### WHAT TO WORK ON:
In the records below, find the line with "Statement of facts" and repeat exactly every line from it through the line with "Vestă pentru bărbați". Pictures stay out.

(EXTRACTED RECORDS)

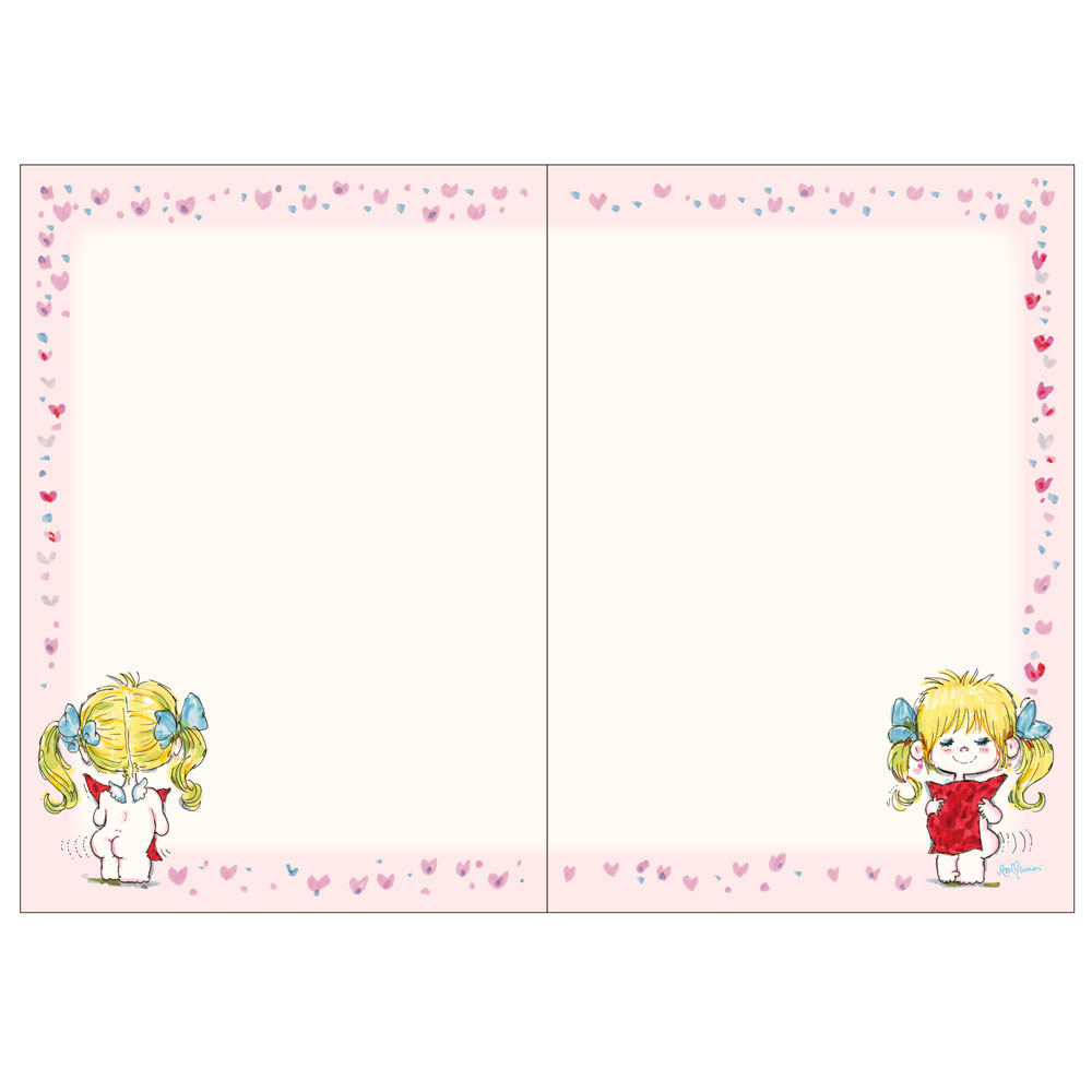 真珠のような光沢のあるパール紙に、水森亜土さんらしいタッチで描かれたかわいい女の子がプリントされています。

(End EXTRACTED RECORDS)
(EXTRACTED RECORDS)

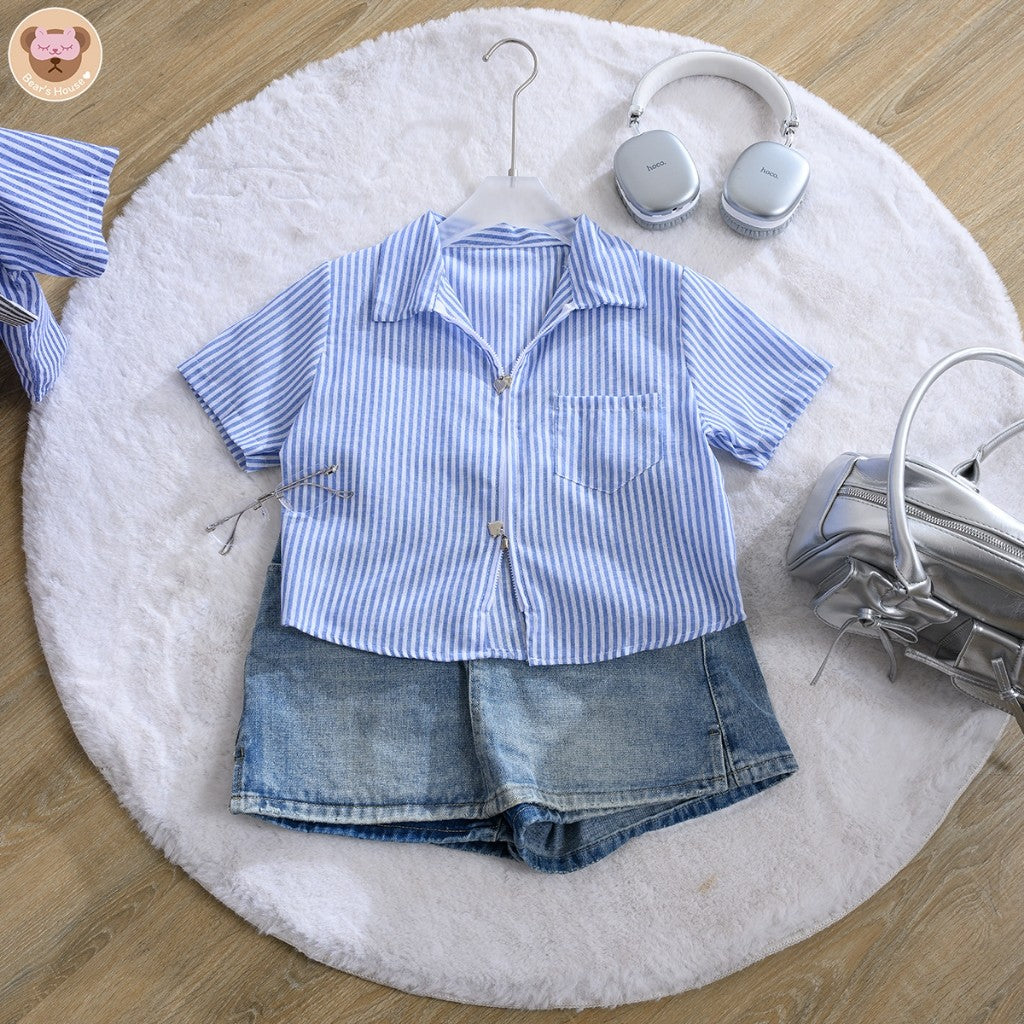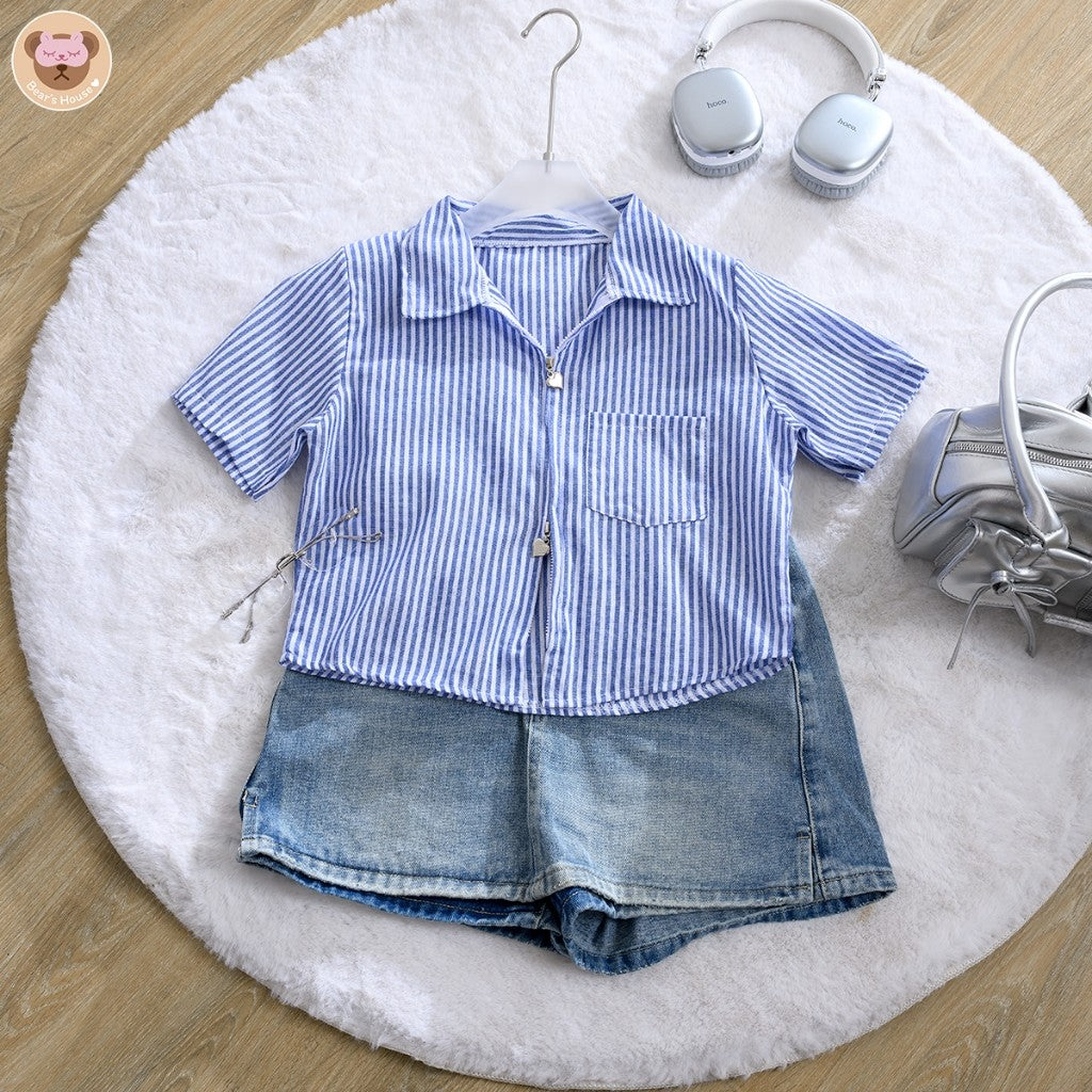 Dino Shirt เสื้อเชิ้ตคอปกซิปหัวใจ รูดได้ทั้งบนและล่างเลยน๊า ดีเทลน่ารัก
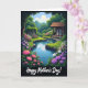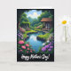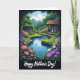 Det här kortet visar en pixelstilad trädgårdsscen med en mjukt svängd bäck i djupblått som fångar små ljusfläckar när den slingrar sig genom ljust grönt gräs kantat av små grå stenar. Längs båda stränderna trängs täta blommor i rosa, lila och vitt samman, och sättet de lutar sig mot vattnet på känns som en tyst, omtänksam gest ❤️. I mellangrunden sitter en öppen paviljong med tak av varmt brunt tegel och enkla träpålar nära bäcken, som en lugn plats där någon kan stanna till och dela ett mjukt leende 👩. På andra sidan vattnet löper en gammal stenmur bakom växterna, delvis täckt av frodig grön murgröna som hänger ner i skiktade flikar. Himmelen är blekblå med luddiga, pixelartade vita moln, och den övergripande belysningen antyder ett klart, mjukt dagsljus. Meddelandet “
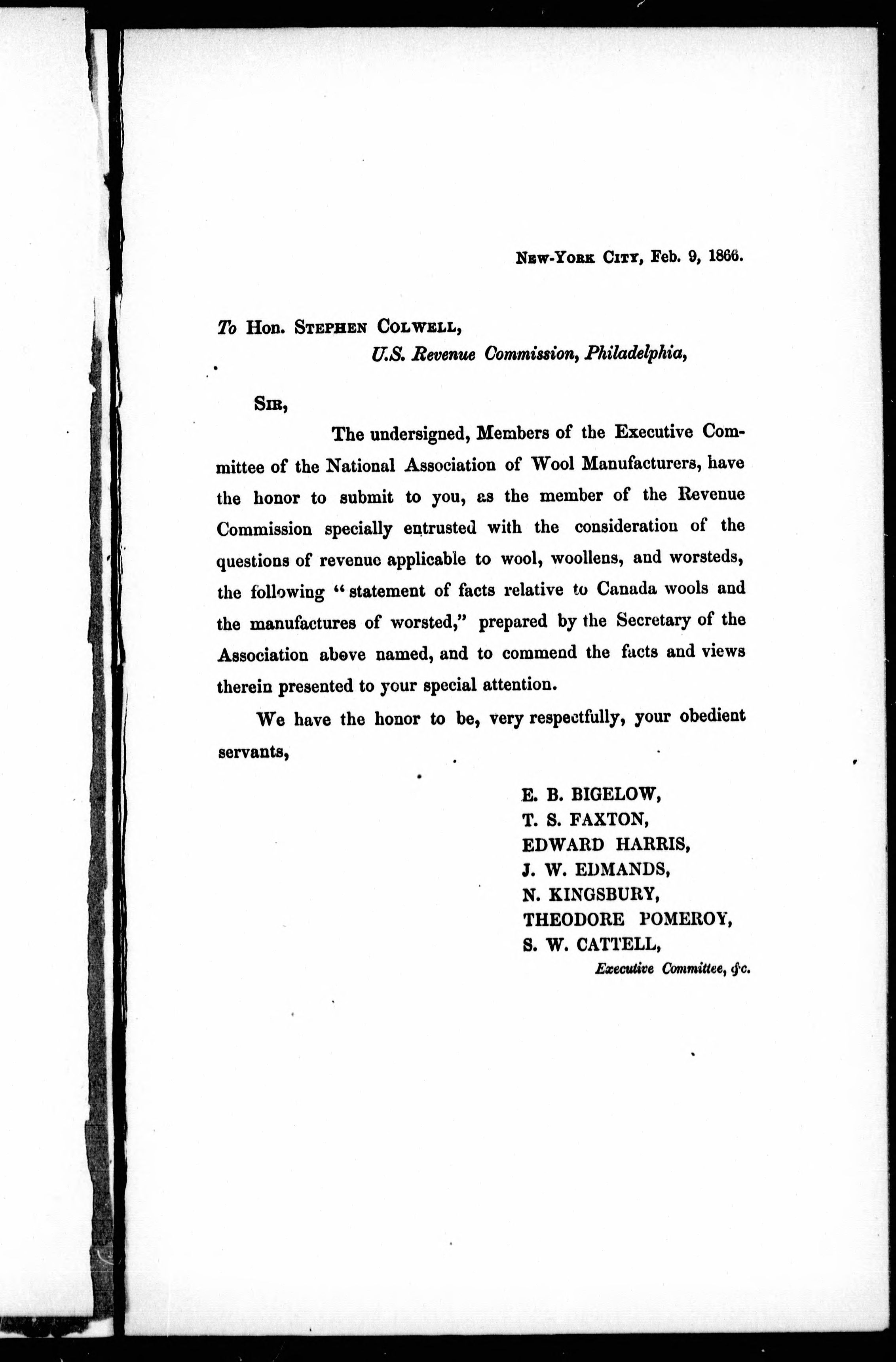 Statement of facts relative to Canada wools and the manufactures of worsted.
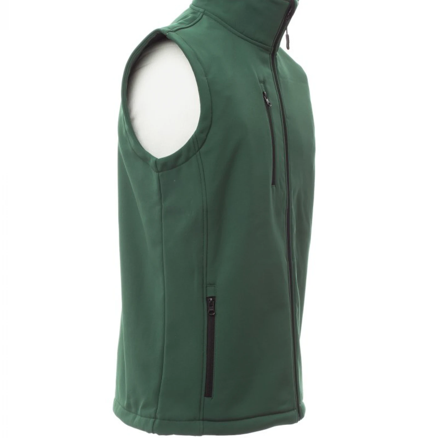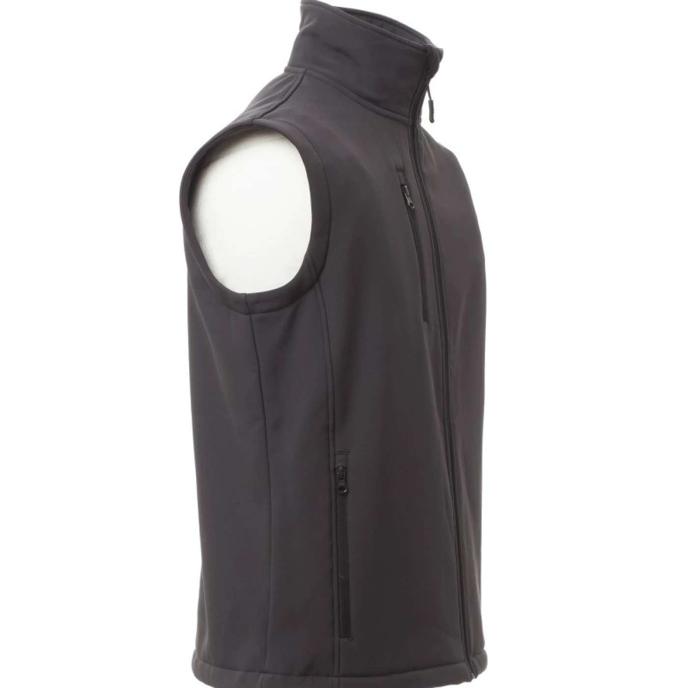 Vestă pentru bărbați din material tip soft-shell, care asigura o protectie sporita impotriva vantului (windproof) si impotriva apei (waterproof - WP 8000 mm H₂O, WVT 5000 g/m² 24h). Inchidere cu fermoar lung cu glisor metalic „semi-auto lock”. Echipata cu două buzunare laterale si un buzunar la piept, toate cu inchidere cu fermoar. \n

(End EXTRACTED RECORDS)
(EXTRACTED RECORDS)

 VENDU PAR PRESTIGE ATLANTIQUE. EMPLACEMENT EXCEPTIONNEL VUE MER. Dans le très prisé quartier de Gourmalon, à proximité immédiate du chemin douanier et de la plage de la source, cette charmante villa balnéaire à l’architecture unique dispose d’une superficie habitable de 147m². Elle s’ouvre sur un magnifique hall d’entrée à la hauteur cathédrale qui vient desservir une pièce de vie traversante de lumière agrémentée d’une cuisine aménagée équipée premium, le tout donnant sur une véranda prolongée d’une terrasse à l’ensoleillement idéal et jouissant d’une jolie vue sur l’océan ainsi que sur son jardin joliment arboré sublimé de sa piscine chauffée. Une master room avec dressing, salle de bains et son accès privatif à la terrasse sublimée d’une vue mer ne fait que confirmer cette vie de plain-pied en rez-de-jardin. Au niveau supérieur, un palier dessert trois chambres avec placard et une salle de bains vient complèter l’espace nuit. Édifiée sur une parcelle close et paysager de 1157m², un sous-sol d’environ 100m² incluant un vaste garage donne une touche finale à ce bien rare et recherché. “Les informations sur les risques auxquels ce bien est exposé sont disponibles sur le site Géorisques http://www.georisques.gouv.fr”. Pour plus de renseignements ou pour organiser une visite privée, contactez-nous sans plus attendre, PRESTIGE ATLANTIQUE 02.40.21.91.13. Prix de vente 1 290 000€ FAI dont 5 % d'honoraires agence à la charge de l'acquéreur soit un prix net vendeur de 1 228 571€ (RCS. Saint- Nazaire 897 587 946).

(End EXTRACTED RECORDS)

### REPLY TO THE TASK:
 Statement of facts relative to Canada wools and the manufactures of worsted.
 Vestă pentru bărbați din material tip soft-shell, care asigura o protectie sporita impotriva vantului (windproof) si impotriva apei (waterproof - WP 8000 mm H₂O, WVT 5000 g/m² 24h). Inchidere cu fermoar lung cu glisor metalic „semi-auto lock”. Echipata cu două buzunare laterale si un buzunar la piept, toate cu inchidere cu fermoar. \n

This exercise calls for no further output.